-- Try it --
Write out exactly the lines below from the one containing "图 11 工作台生熟食分开组图" to the last, both ends kept, and nothing more; skip all pictures.

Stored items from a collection

▬▬▬▬▬▬

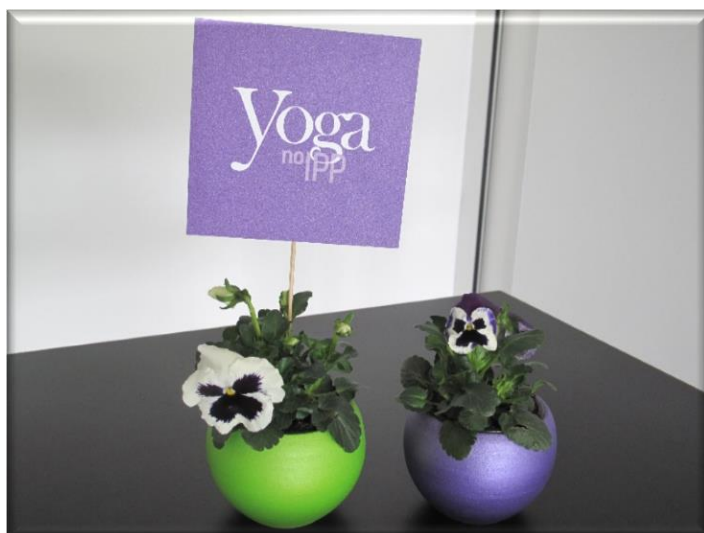
Anexo 2 - Decoração do espaço
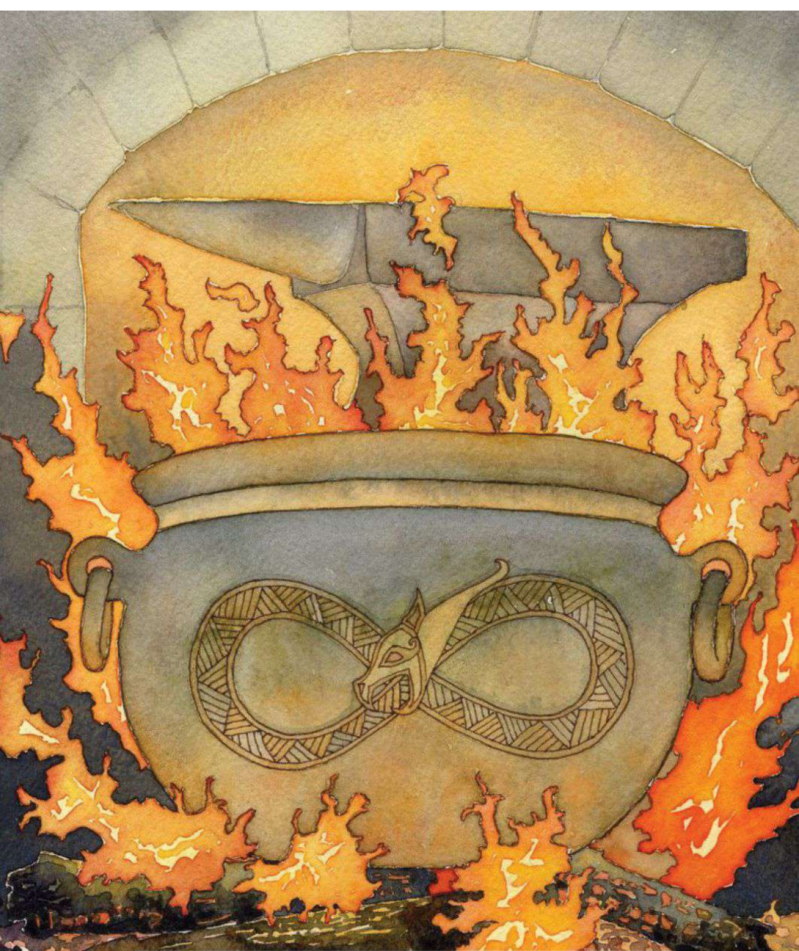
Asso di Fuoco
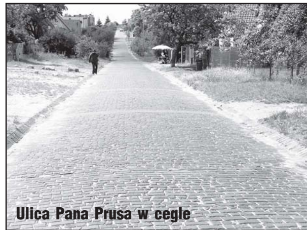
Ulica Pana Prusa w cegle
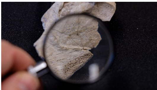
Angeknabbertes Nilferdohr oder Bruchstück eines Schildkrötenpanzers? Welche Geschichte verbirgt sich wohl hinter diesem Fossil aus dem Naturmuseum Solothurn?
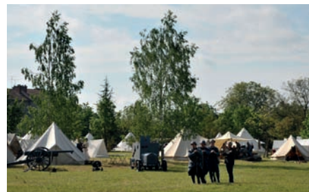
Centenaire Verdun, 2016 © Luc Pottiez
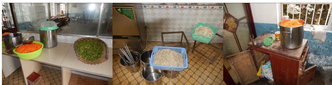
图 11 工作台生熟食分开组图
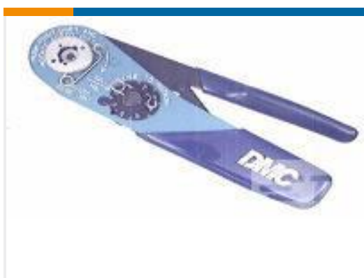
TE 产品编号 601966-1 CRIMPING TOOL M22520/2-01
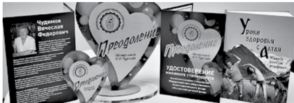
Сувенир – символическое сердце – лауреаты получают вместе с премией.
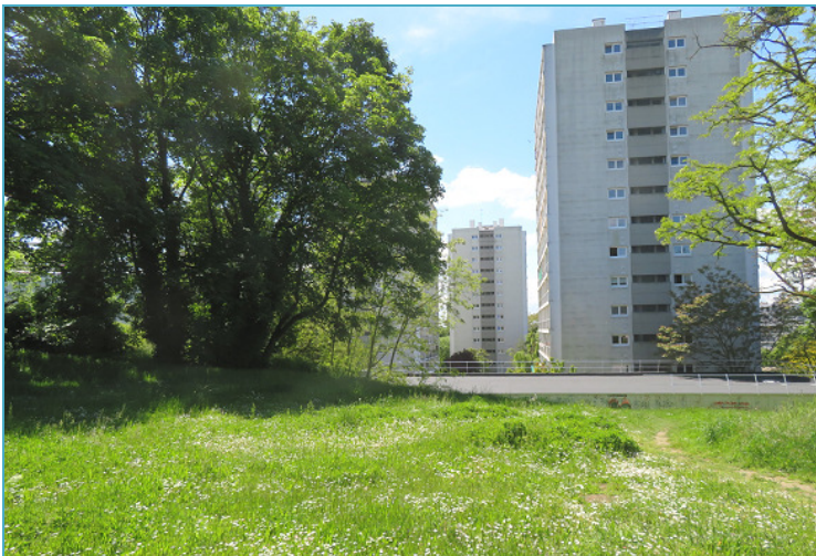
Sorrières : 2000 m 2 d'espaces verts promis au béton par le maire-conseiller départemental sortant de Fontenay-aux-Roses
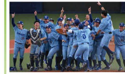
昨年優勝チーム：大阪ガス硬式野球部

全32チームが出場し、社会人野球の日本一を決定する最高峰の大会のチケットを1,000人にプレゼント。詳しくはHPをご覧ください。 日 10/29(火)~11/17(日)のうち12日間開催 場 京セラドーム大阪 申 10/16までにHPで。 問 経済戦略局スポーツ課 ☎06-6469-3882 ☎06-6469-3898
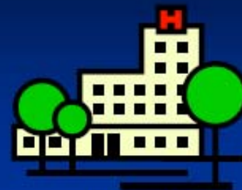
Le centre référent pour les troubles d'apprentissage
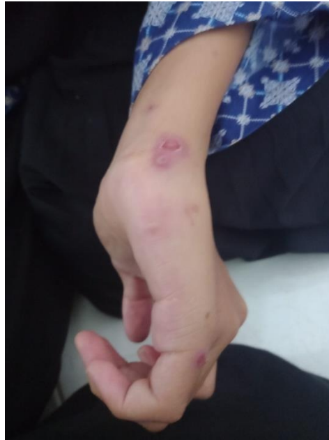
Santriwati yang mengalami scabies

▬▬▬▬▬▬

-- Reply --
图 11 工作台生熟食分开组图
TE 产品编号 601966-1 CRIMPING TOOL M22520/2-01
Сувенир – символическое сердце – лауреаты получают вместе с премией.
Sorrières : 2000 m 2 d'espaces verts promis au béton par le maire-conseiller départemental sortant de Fontenay-aux-Roses
昨年優勝チーム：大阪ガス硬式野球部

全32チームが出場し、社会人野球の日本一を決定する最高峰の大会のチケットを1,000人にプレゼント。詳しくはHPをご覧ください。 日 10/29(火)~11/17(日)のうち12日間開催 場 京セラドーム大阪 申 10/16までにHPで。 問 経済戦略局スポーツ課 ☎06-6469-3882 ☎06-6469-3898
Le centre référent pour les troubles d'apprentissage
Santriwati yang mengalami scabies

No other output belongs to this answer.